I couldn’t resist posting this video that I found on Iranian.com. It is footage from 1971 of Mohsen Pezeshkpour, leader of the ultra-nationalist Pan Iranist Party, railing against the Shah’s decision to separate Bahrain from Iran in a deal with the British. The party is now largely defunct, but its expansive Iranian nationalist sentiments live on in the Islamic Republic through words of people like Hossein Shariatmadari of Kayhan and now Ali Akbar Nateq-Nuri, former Majlis speaker and member of the Expediency Council.
But while these ideas live on in a minority, comparing 1971 with today shows how much the regional power balance has shifted. In the 70s the Shah was riding high on oil wealth and arming himself to the teeth with American weapons. The Shah’s main concern in the Gulf was Saddam Husein, and today’s Bahrain and UAE were political nonentities with no geopolitical heft to speak of. It was not surprising, then, to see the likes of Pezeshkpour allowed to air their extreme views with impunity on the floor of Parliament.

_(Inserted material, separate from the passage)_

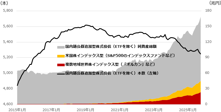 (出所)QUICKおよび投資信託協会のデータを元に松井証券作成。期間:2015年1月~2025年10月 月次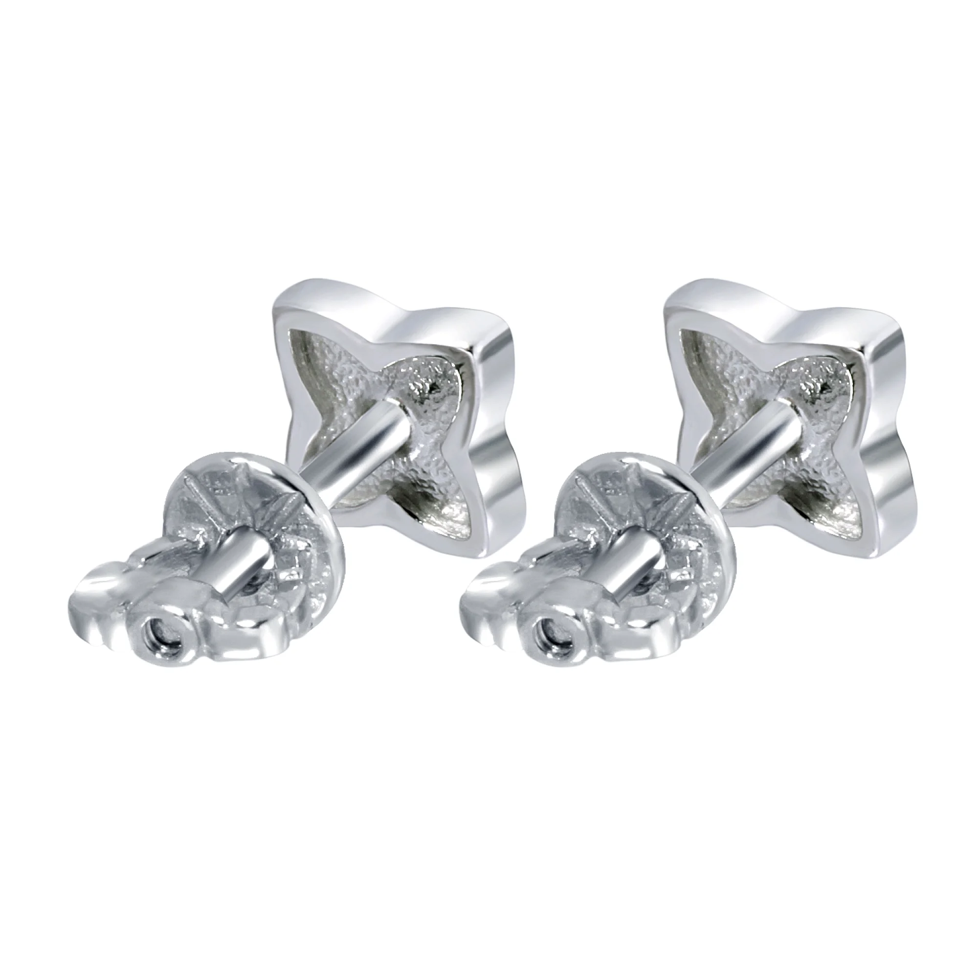 Сережки-гвоздики "Квадрат" в красном золоте с эмалью и фианитами - 1958569

Iran’s furious backpeddling and attempts at damage control after the current incident are a stark reminder of how Gulf Arab states are in a relatively better position economically and politically vis a vis Iran than they were under the Shah. Clearly Iran does not wish to further galvanize the GCC against it and endanger its lucrative gas deal for the sake of a few ill-concieved and unrealistic nationalistic statements. At a time when the Gulf Arab states spare no opportunity to sound the alarm about Iran’s “hegemonic aspirations,” perhaps this is a reminder that their position isn’t quite so precarious after all.